Jakarta, Gatra.com -- Benny Wenda merupakan pemimpin kemerdekaan Papua Barat, dan Ketua United Liberation Movement for West Papua (ULMWP). Dia adalah pelobi internasional untuk kemerdekaan Papua Barat. Dia tinggal di pengasingan di Inggris. Pada 2003, dia mendapat suaka politik dari pemerintah Inggris setelah kabur dari tahanan saat diadili. Dia mengangkat diri sebagai perwakilan khusus rakyat Papua di Parlemen Inggris, PBB, dan Parlemen Eropa. Pada 2017, dia diangkat sebagai Ketua ULMWP, organisasi baru yang menyatukan tiga organisasi politik utama yang berjuang untuk kemerdekaan Papua Barat.
Benny lahir pada 1975 di Desa Piramida di Lembah Baliem, di dataran tinggi tengah Papua Barat. Pada 1977, terjadi pemberontakan penduduk Lani Jaya. Pemerintah Indonesia menindak tegas makar itu yang menyebabkan banyak keluarga Benny tewas. Antara 1977 hingga 1983, Benny dan keluarganya, bersembunyi di hutan. Dia ditunjuk sebagai pemimpin oleh para tetua di sukunya. Setelah penduduk Lani Jaya menyerah, dia kuliah di Universitas Cenderawasih, Jayapura, mempelajari sosiologi.
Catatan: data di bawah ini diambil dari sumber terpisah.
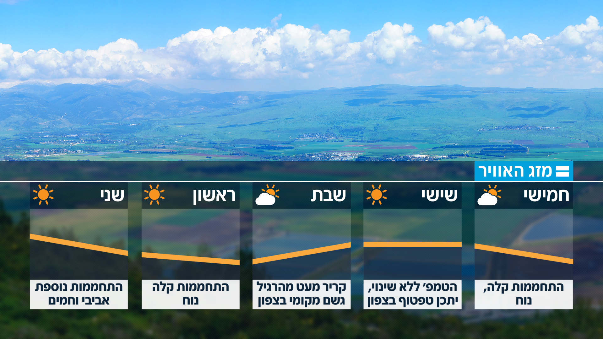 היום תורגש עלייה בטמפרטורות, ובמרבית אזורי הארץ יהיה נוח - אך הטמפרטורות עדיין יהיו נמוכות מהרגיל לעונה • מחר מזג האוויר ישאר ללא שינוי, ובשבת תורגש ירידה בטמפרטורות ויהיה קר מהרגיל לעונה - לצד גשמים שירדו בצפון ולאורך מישור החוף • מתחילת השבוע הבא תחל מגמת התחממות - לקראת מזג אוויר שרבי שיגיע לשיאו ברביעי ובחמישי

Benny diadili pada 2002 karena memimpin demonstrasi menuntut kemerdekaan. Demonstrasi berubah menjadi kekerasan, demonstran membakar dua toko dan membunuh seorang polisi. Benny menyatakan bahwa penangkapan dan dakwaan terhadapnya bermotivasi politik. Benny kabur dari penjara saat diadili. Dibantu aktivis kemerdekaan Papua Barat dia melarikan diri melintasi perbatasan ke Papua Nugini. Dia dibantu LSM Eropa untuk melakukan perjalanan ke Inggris di mana ia diberikan suaka politik.
Pada 2011, pemerintah Indonesia meminta Interpol menangkap dan ekstradisi Benny. Namun, setelah kampanye yang dipimpin oleh Fair Trials International, pada 2012 Interpol menghapus red notice atas nama Benny. Interpol menyimpulkan bahwa tuduhan terhadap Benny bermotif politik dan penyalahgunaan wewenang.
Setelah Interpol menghapus red notice dari basis data mereka, Jago Russell, Pemimpin Eksekutif Fair Trials International menyatakan, "Interpol harus digunakan untuk memerangi kejahatan serius. Tetapi Indonesia telah menyalahgunakannya untuk mengancam seorang aktivis politik yang damai." Terbukti klaim Russel itu salah besar. Karena "aktivis politik yang damai" itu menurut pemerintah Indonesia telah mendalangikerusuhan di Papua dan Papua Barat.
Setelah tiba di Inggris, Benny menjadi corong utama untuk Kampanye Papua Merdeka Barat, yang didirikan pada 2004 oleh sekelompok aktivis pro-Papua di Oxford. Gerakan Kampanye Papua Merdeka Barat di Inggris telah berkembang dengan memasukkan kelompok mahasiswa permanen di universitas dan kelompok regional Inggris, serta kantor permanen di Oxford, Den Haag dan Port Moresby.
Pada Februari 2013, Benny melakukan 'Freedom Tour' ke Amerika, Selandia Baru, Australia, Papua Nugini, dan Vanuatu, dengan tujuan meningkatkan kesadaran akan masalah penentuan nasib sendiri. Dia dicekal untuk pidato di parlemen nasional Selandia Baru.
Pada April 2013, Benny bergabung dengan Mohammed Abassi, Walikota Lord Oxford, dan anggota parlemen lokal Andrew Smith untuk membuka markas baru untuk Kampanye Papua Merdeka Barat. Pada Mei 2013, Benny berbicara di Gedung Opera Sydney. Bersama anggota parlemen Inggris Andrew Smith, dan Richard Harries, Benny Wenda adalah anggota pendiri Parlemen Internasional untuk Papua Barat. Kelompok ini secara aktif mangais dukungan dari politisi di seluruh dunia, untuk menekan Perserikatan Bangsa-Bangsa untuk melaksanakan kembali pelaksanaan Act of Free Choice.
Polisi mengatakan bahwa kerusuhan Papua dan Papua Barat beberapa waktu lalu untuk mencuri perhatian dunia. Sikap pemerintah Indonesia yang cukup sabar menghadapi kerusuhan Papua dan Papua Barat menjadikan upaya untuk mencuri perhatian dunia itu sampai saat ini tidak berhasil.